Integration test queries

import { createTestClient } from 'apollo-server-testing';
import { ApolloServer } from 'apollo-server';

describe('GraphQL API', () => {
  it('fetches user with orders', async () => {
    const server = new ApolloServer({
      typeDefs,
      resolvers,
      context: () => ({ user: { id: '1' }, loaders: createLoaders() }),
    });

    const { query } = createTestClient(server);

    const GET_USER = gql`
      query GetUser($id: ID!) {
        user(id: $id) {
          id
          displayName
          orders(first: 5) {
            edges {
              node {
                id
              }
            }
          }
        }
      }
    `;

    const res = await query({
      query: GET_USER,
      variables: { id: '1' },
    });

    expect(res.errors).toBeUndefined();
    expect(res.data.user.id).toBe('1');
  });
});

Test coverage priorities

  1. Authorization checks on sensitive fields
  2. N+1 query detection (monitor query counts in tests)
  3. Error handling (validation, business logic)
  4. Pagination edge cases (empty lists, boundaries)
  5. Subscription lifecycle (connect, update, disconnect)

Team checklist

  1. Follow naming conventions: PascalCase types, camelCase fields
  2. Use non-null deliberately; prefer nullable by default
  3. Use Input types for mutations
  4. Return payload types with errors for mutations
  5. Implement DataLoader to prevent N+1 queries
  6. Use connections for pagination (Relay spec)
  7. Check authorization at field level
  8. Limit query depth and complexity
  9. Document every type, field, and argument
  10. Use @deprecated for evolution, not versioning in URL
  11. Enable introspection in dev; disable in production
  12. Test resolvers, authorization, and N+1 prevention
  13. Monitor query performance and complexity in production
  14. Use schema registry to track changes

Further reading

Official Resources

Tools & Libraries

Articles & Guides

Key takeaways

  1. Schema is contract — Design for evolution with nullable defaults, deprecation, and rich documentation.

  2. Solve N+1 early — DataLoader is non-negotiable for production; batch and cache all data access.

  3. Use connections for pagination — Relay-style edges/nodes/PageInfo is verbose but robust.

  4. Layer authorization — Check permissions in resolvers or directives; never trust client queries.

  5. Limit query complexity — Malicious clients can craft expensive queries; defend with depth and complexity limits.

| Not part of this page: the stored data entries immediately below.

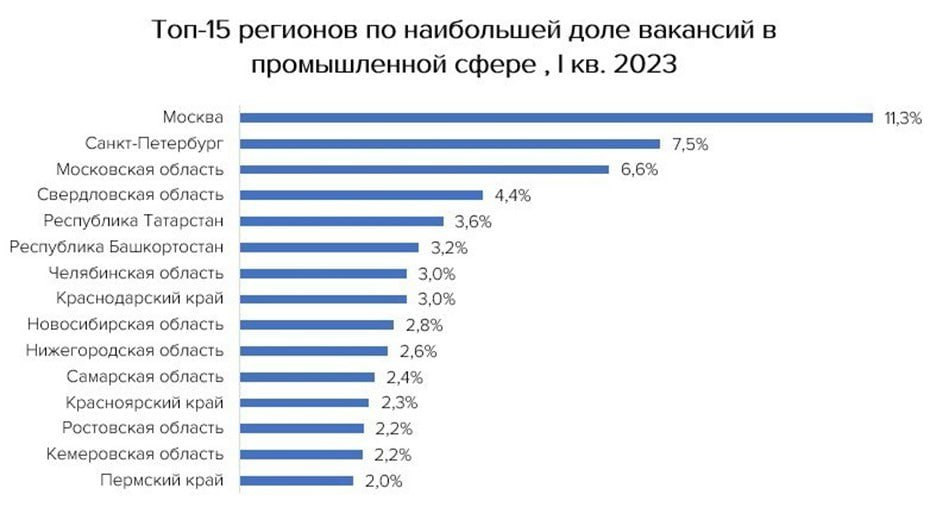 При этом спрос российских промышленных компаний на сотрудников за год увеличился на 58%. Так, к концу марта 2023 года работодатели опубликовали более 400 тыс. вакансий в этой отрасли. Это на 22% больше, чем в последнем квартале 2022 года.
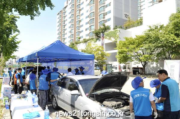 이날 지회 소속 전문 정비사업자 70여 명이 자원봉사에 나서 핸들과 타이어, 브레이크, 변속기, 배터리, 등화장치, 냉각장치, 벨트류 등을 점검한다.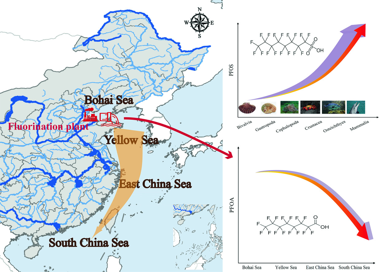Per- and polyfluoroalkyl substances (PFASs) are a large and complex class of synthetic chemicals widely used in industrial and domestic products. This study compiled and analyzed the distribution and composition of PFASs in marine organisms sampled along the coast of China from 2002 to 2020. Perfluorooctane sulfonic acid (PFOS) and perfluorooctanoic acid (PFOA) were dominant in bivalves, cephalopods, crustaceans, bony fish and mammals. PFOA in bivalves, crustaceans, bony fish and mammals gradually decreased from north to south along the coast of China, and the PFOA contents of bivalves and gastropods in the Bohai Sea (BS) and the Yellow Sea (YS) were higher than those of PFOS. The increased production and use of PFOA have been detected by biomonitoring temporal treads in mammals. For the organisms in the East China Sea (ECS) and the South China Sea (SCS), which were less polluted by PFOA compared to BS and YS, PFOS was universally higher than PFOA. The PFOS of mammals with high trophic levels was significantly higher than that of other taxa. This study is conducive to better understanding the monitoring information of PFASs of marine organisms in China and is of great significance for PFAS pollution control and management.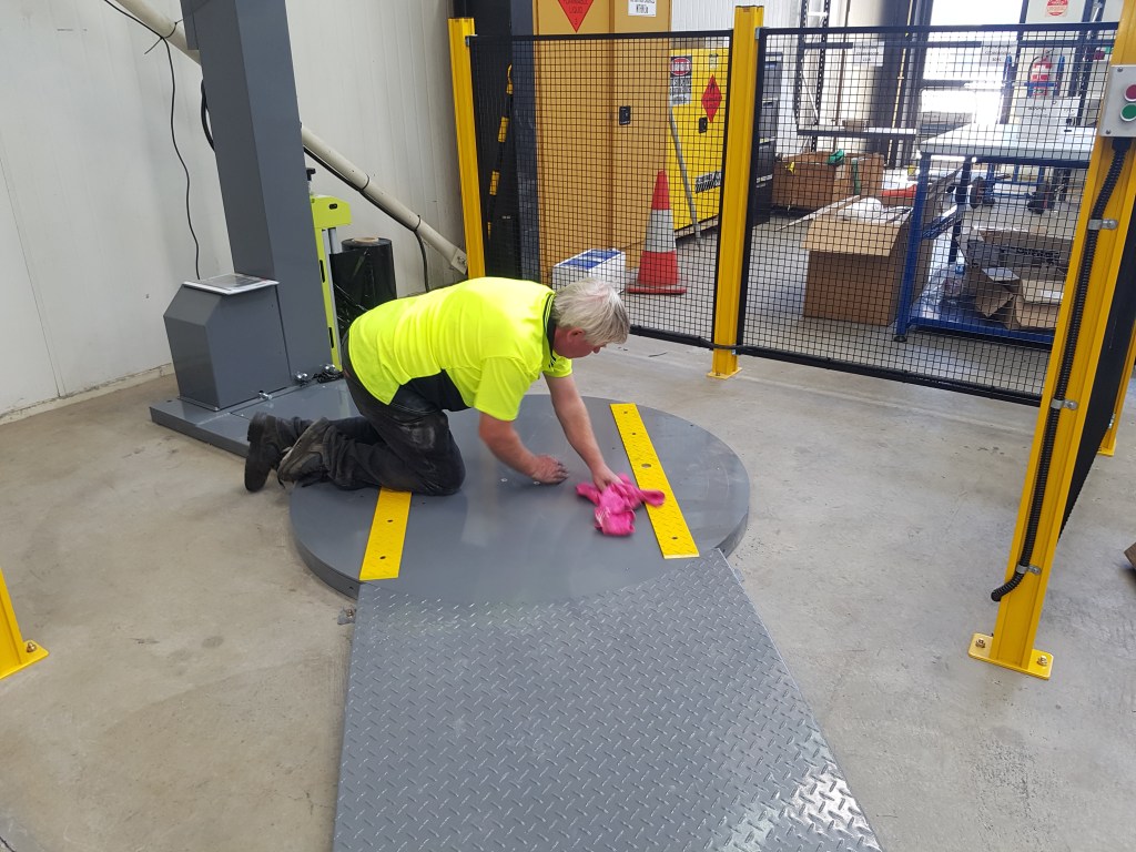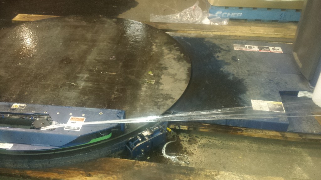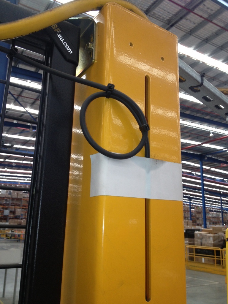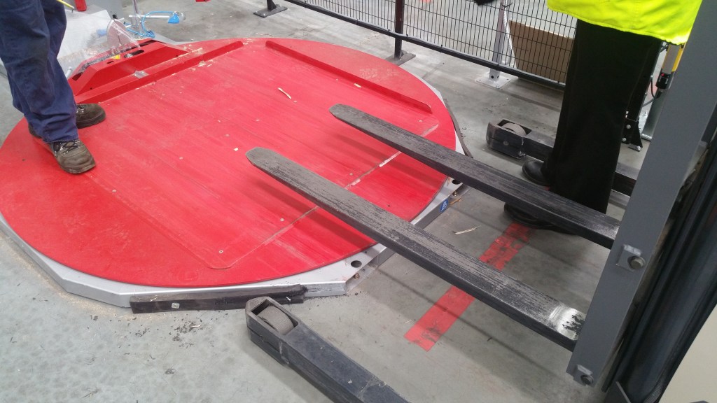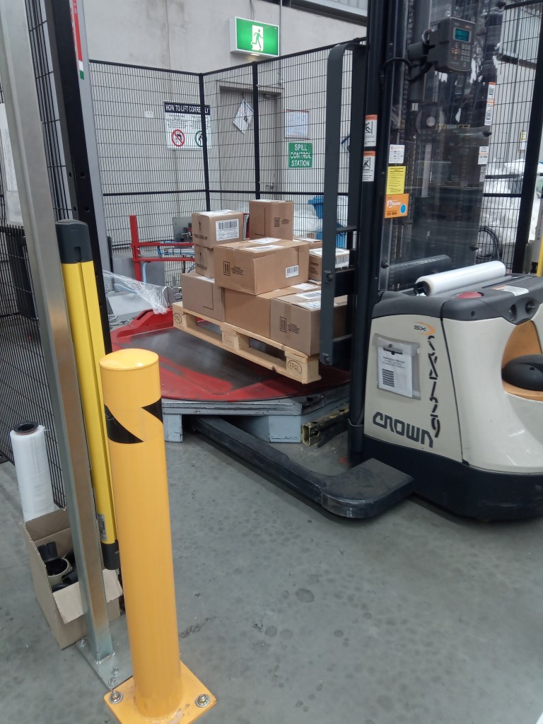 A simple solution we camew up with for loading pallets with Crown walkie stackers – no more double movements and sliding pallets !

  6. Two error channels — Use top-level GraphQL errors for system failures; use payload errors for validation/business logic.

  7. Cache thoughtfully — HTTP caching for public queries, DataLoader for per-request, Redis for application-level.

  8. Document everything — GraphQL is self-documenting; use descriptions generously.

  9. Test authorization — Every sensitive field needs an authorization test.

  10. Evolve, don't version — Add fields, deprecate old ones; avoid /v1/graphql and /v2/graphql.

Remember: GraphQL gives clients power; your job is to make that power safe, fast, and delightful.